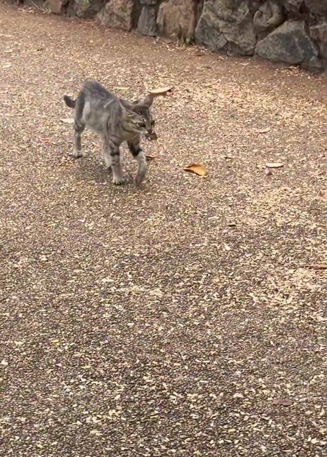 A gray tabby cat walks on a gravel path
= = =
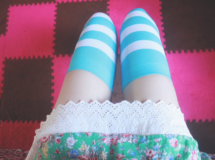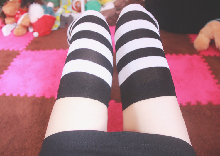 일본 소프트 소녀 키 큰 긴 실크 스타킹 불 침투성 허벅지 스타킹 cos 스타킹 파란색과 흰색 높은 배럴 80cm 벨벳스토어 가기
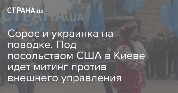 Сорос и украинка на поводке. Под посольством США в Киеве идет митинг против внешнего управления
= = =
# Work request:
Set down word for word the lines above from the one with "일본 소프트 소녀 키" up to and including the one with "Сорос и украинка". Omit every picture.

# Response area:
 일본 소프트 소녀 키 큰 긴 실크 스타킹 불 침투성 허벅지 스타킹 cos 스타킹 파란색과 흰색 높은 배럴 80cm 벨벳스토어 가기
 Сорос и украинка на поводке. Под посольством США в Киеве идет митинг против внешнего управления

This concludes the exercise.